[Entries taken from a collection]
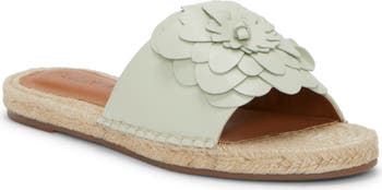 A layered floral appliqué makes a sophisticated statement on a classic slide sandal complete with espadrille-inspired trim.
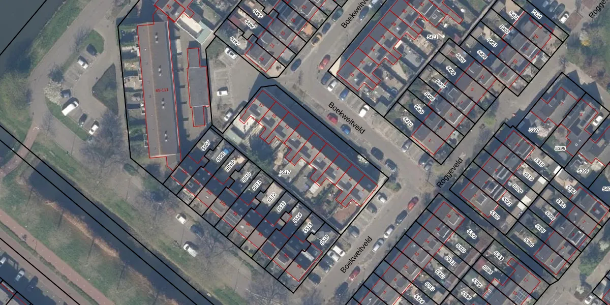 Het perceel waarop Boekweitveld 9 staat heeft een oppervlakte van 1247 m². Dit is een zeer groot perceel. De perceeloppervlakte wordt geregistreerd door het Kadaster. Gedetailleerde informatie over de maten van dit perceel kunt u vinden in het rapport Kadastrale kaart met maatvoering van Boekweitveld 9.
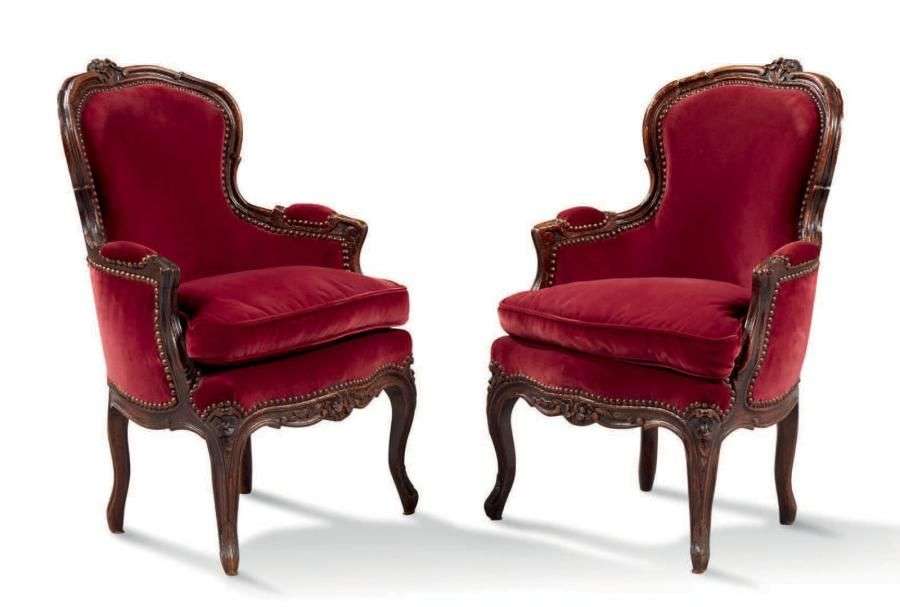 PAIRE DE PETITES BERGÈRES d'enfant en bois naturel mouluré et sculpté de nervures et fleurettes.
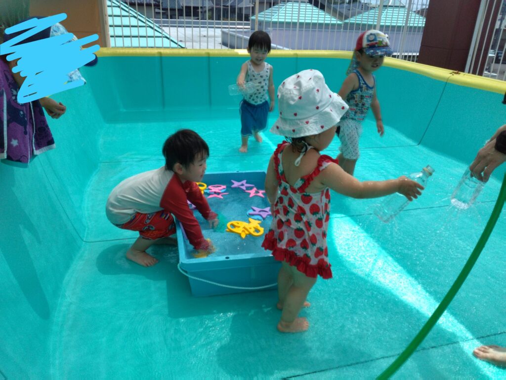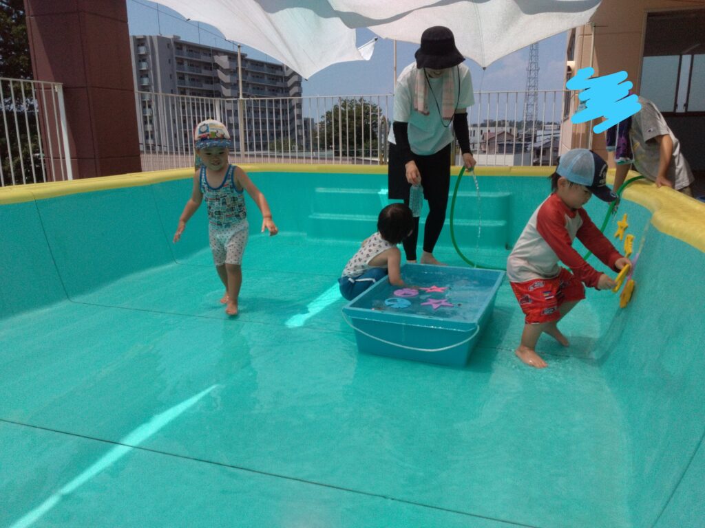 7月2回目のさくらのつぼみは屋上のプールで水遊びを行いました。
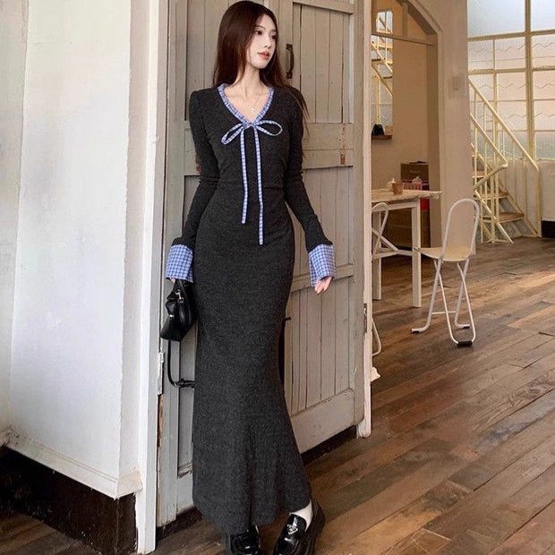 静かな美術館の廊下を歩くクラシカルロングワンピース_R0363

§ **What to work on**:
Drop the images, then copy the data exactly.

§ **Written solution**:
 A layered floral appliqué makes a sophisticated statement on a classic slide sandal complete with espadrille-inspired trim.
 Het perceel waarop Boekweitveld 9 staat heeft een oppervlakte van 1247 m². Dit is een zeer groot perceel. De perceeloppervlakte wordt geregistreerd door het Kadaster. Gedetailleerde informatie over de maten van dit perceel kunt u vinden in het rapport Kadastrale kaart met maatvoering van Boekweitveld 9.
 PAIRE DE PETITES BERGÈRES d'enfant en bois naturel mouluré et sculpté de nervures et fleurettes.
 7月2回目のさくらのつぼみは屋上のプールで水遊びを行いました。
 静かな美術館の廊下を歩くクラシカルロングワンピース_R0363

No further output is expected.